Concept testing & validation at Watermark Engage client conference June 2024

Usability testing for Create a New Career Path flow with product design team


 

Introducing, Career Pathways 1.0

After a year of diligent design, feedback, development, (and more feedback and more design), our V1 has landed.

 

Presenting Career Pathways at Watermark Engage client conference

Career Path Setup

Administrators have a workspace to set up Base Events, the basic, milestone events that typically occur on a faculty career timeline, and Exception & Results Events which are the events that occur throughout the lifecycle of faculty and staff that may impact their individual timelines.

Once those building block events are setup, administrators have a tool to create career path templates that generally apply to distinct segments of their faculty.

The builder step for creating templated career paths.

 

Managing Faculty’s Career Paths & Faculty View

As an initial implementation tool, administrators have two bulk Career Path assignment tools, one where they can manually select groups of faculty to apply a career path to, and one where our systems generates suggested bulk assignments based on the data we have for each career path and from required data input for each faculty member.

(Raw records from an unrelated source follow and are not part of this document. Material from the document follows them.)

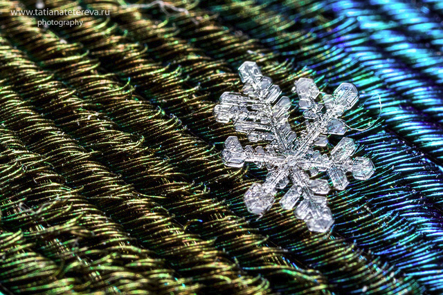 Мех от своего зимнего пуховика отстегнула и использовала его как ловушку для снежинок. )) На двух фото в конце перо павлина.
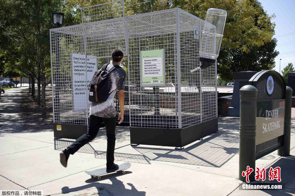 当地时间8月12日,美国丹佛图书馆外、公园等地设置巨型实验室老鼠笼,提醒年龄在12岁到15岁的年轻人远离大麻,避免遭其毒害,成为实验室的小白鼠。这项活动由科罗拉多州州长办公室赞助,斥资200万美元,警醒世人大麻的危害。
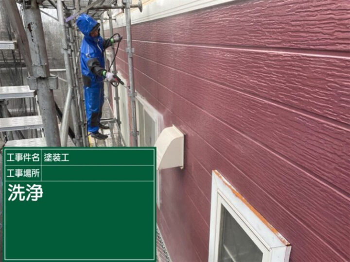 高圧洗浄機で塗装を行う場所を洗浄します。
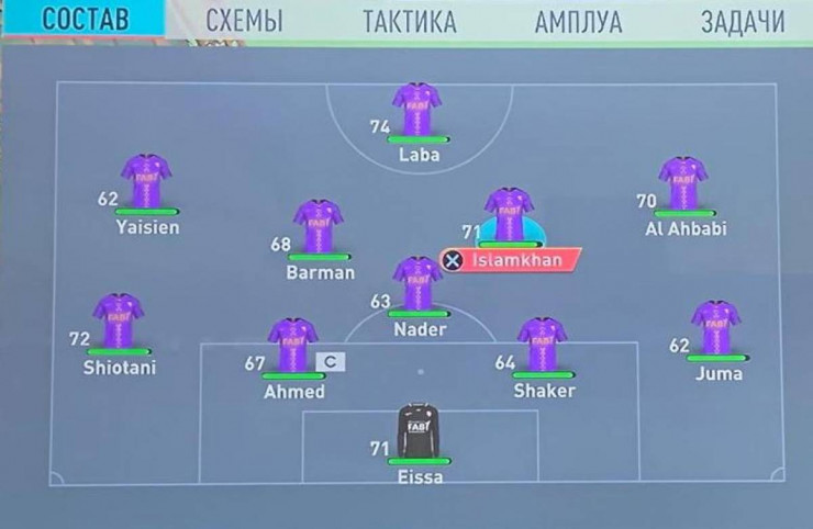 Рейтинг футболиста, или уровень его игры, составляет 71. При этом потенциал Исламхана разработчики оценили в 73.
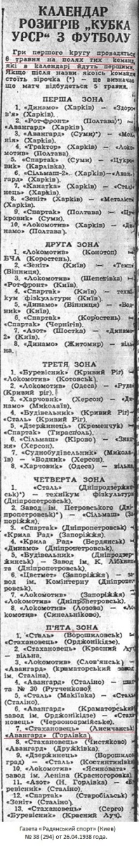 Спортивная инспекция комитета по делам физкультуры и спорта при СНК УССР рассмотрела и утвердила положение розыгрыша «Кубка УССР» по футболу, который одновременно является зональным розыгрышем «кубка СССР» 1938 г. Финальные игры розыгрыша «кубка СССР» состоятся в июне.
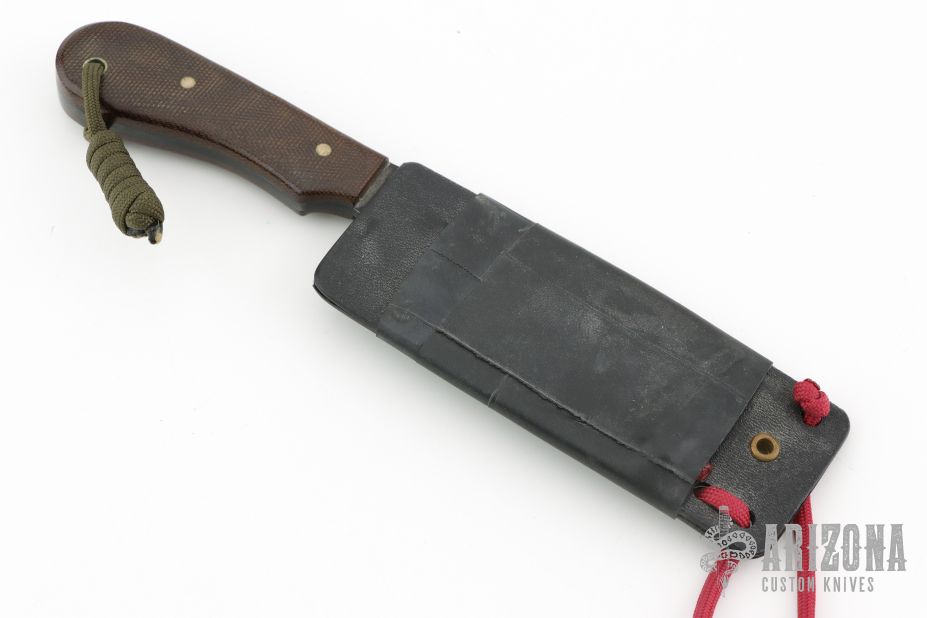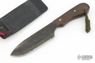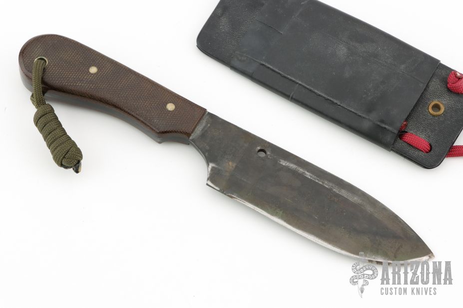 This NRGS by Newt Livesay features a drop point blade with .117" blade stock and 1.304" blade depth, full tang construction. The handle has brown canvas micarta scales, nickel silver pins and lanyard hole at the butt. Comes with a kydex sheath. Has some scratches and patina, otherwise good condition.
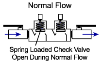 It consists of two check valves assembled in series.[1] This employs two operating principles: firstly one check valve will still act, even if the other is jammed wide open. Secondly the closure of one valve reduces the pressure differential across the other, allowing a more reliable seal and avoiding even minor leakage.
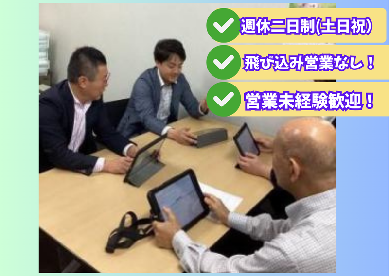 待遇・福利厚生 | 【保険制度】 雇用保険、労災保険、健康保険、厚生年金 【福利厚生】 待遇・福利厚生 【福利厚生】 ◇昇給有(個人の成績による) ◇賞与年4回(個人の実績による) ◇社会保険完備 ◇交通費規定支給 (公共交通機関:月10万円迄/ 車:月2万4400円迄) ◇社用車貸与 ◇iPad・携帯電話貸与 ◇退職金制度あり(勤続1年以上) ◇各種報奨金制度 ◇体験入社制度あり ※希望者のみ (5日間、1日8200円支給) |
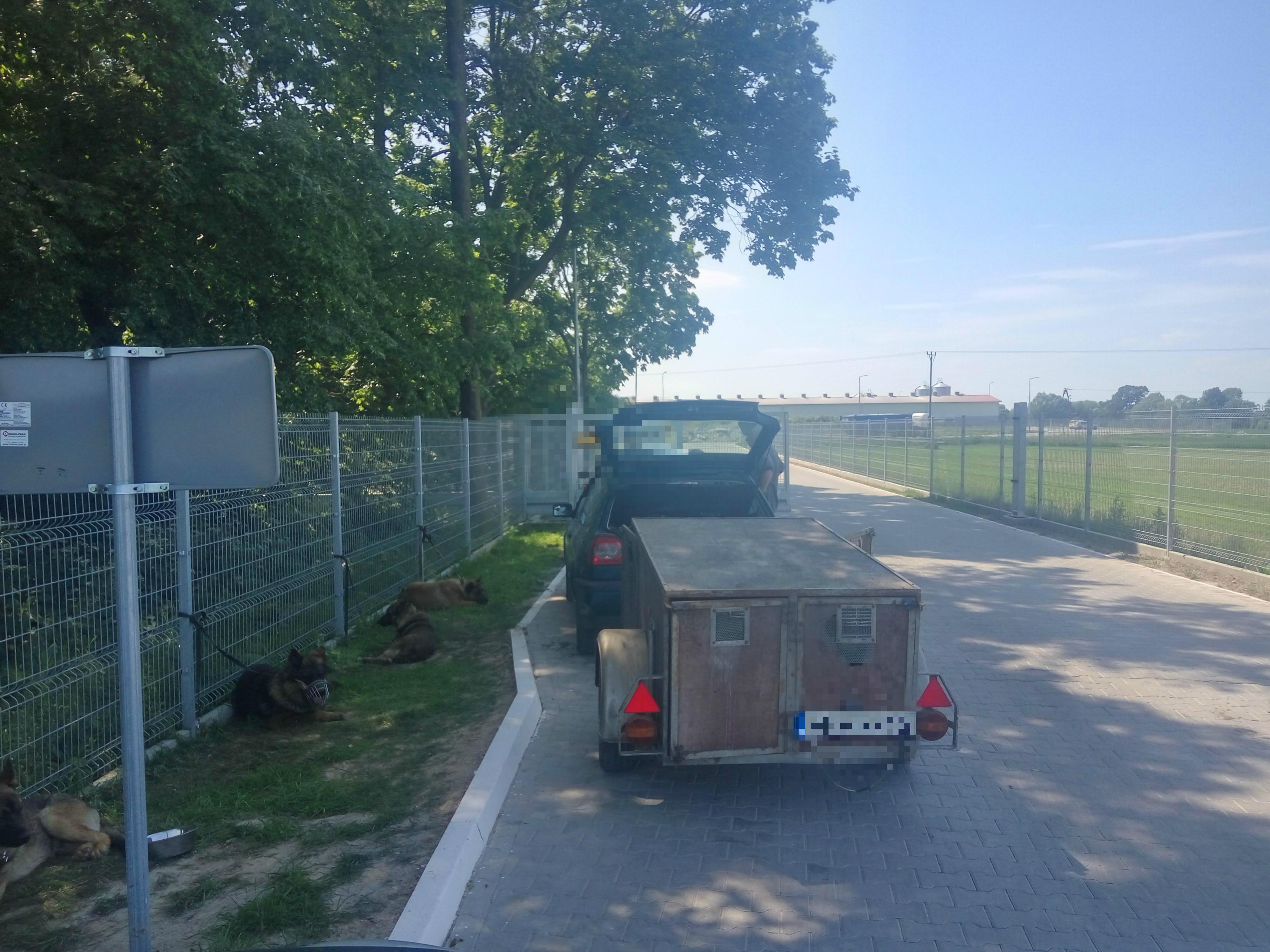 Niedługo po rozpoczęciu czynności kontrolnych okazało się, że w zamkniętej przestrzeni przyczepy o wymiarach 176cm x 110 cm x 75 cm przewożone są cztery psy (trzy owczarki belgijskie oraz jeden niemiecki). Mając na uwadze panującą wysoką temperaturę (blisko 30 stopni w cieniu) pojazd wraz z przyczepą został natychmiast skierowany w zacienione miejsce do pobliskiej miejscowości Bielany. Kierujący tłumaczył, że jedzie z Lubania Śląskiego do Bełchatowa i wraca po nieudanej próbie sprzedaży psów.

We also provided a way to bulk change and remove career paths, as well as a single assign/unassign/change tool for individual faculty.

Once assigned, each faculty member’s timeline will backfill with data already recorded in our system and place them on their own path accurately, using start date and rank information. Administrators are able to add the Exception & Results Events they created to each faculty’s timeline so that they and the faculty have an accurate view of upcoming milestones and historical events that have occurred in their career at the institution.

Administrator’s view of a faculty’s career path timeline.

 

Career Pathway Insights

Once faculty are set up in the module, and data is flowing through from our Faculty Activities and Review, Promotion, and Tenure modules, administrators are able to see valuable high level insights related to the lifecycle of their faculty across the institution. The insights surfaced for the first iteration included Milestones in Progress, Faculty Demographic Breakdowns, and Promotion and Tenure Counts over time, broken down by college and gender.

Career Pathways administrators insights.


 

MVP Release to Beta Group (December 2024)

Our first release included two of three main components: career path setup and managing faculty career paths (with a faculty view of their own timeline). The first iteration of Career Pathway Insights is set to follow shortly after, in February of 2025. Our beta group consists of 5 client institutions that we will be working closely with as they implement and onboard a segment of their faculty into the Career Pathways module. Our motto for this project has been “fail quickly,” so as clients begin using real life faculty data, and utilizing the tool for actual events with actual impacts, we anticipate that we will very quickly learn a lot about where we’ve failed and have space allotted in our backlog for the next year to iterate quickly.

We Don’t Know What We Don’t Know

Throughout the process of designing this new module, there were so many instances where we hypothesized a need or want for something, such as more granular control over impact from an exception event (pushing by months or terms, rather than academic years), to which I would begin designing a solution, only to reign it back in 3 steps. While I would have loved to be able to test every hypothesis and concept, it was just unrealistic - my own capacity was limited, and due to the nature of the lifecycle management process and how it exists organically for institutions today, there was a lot that our users couldn’t even tell us. So, in many cases, I made sure to design “just enough” and to do that “just enough” very well. With our rigorous ongoing research and feedback plan for this initial launch, I anticipate we will discover above and beyond what we could have ever anticipated.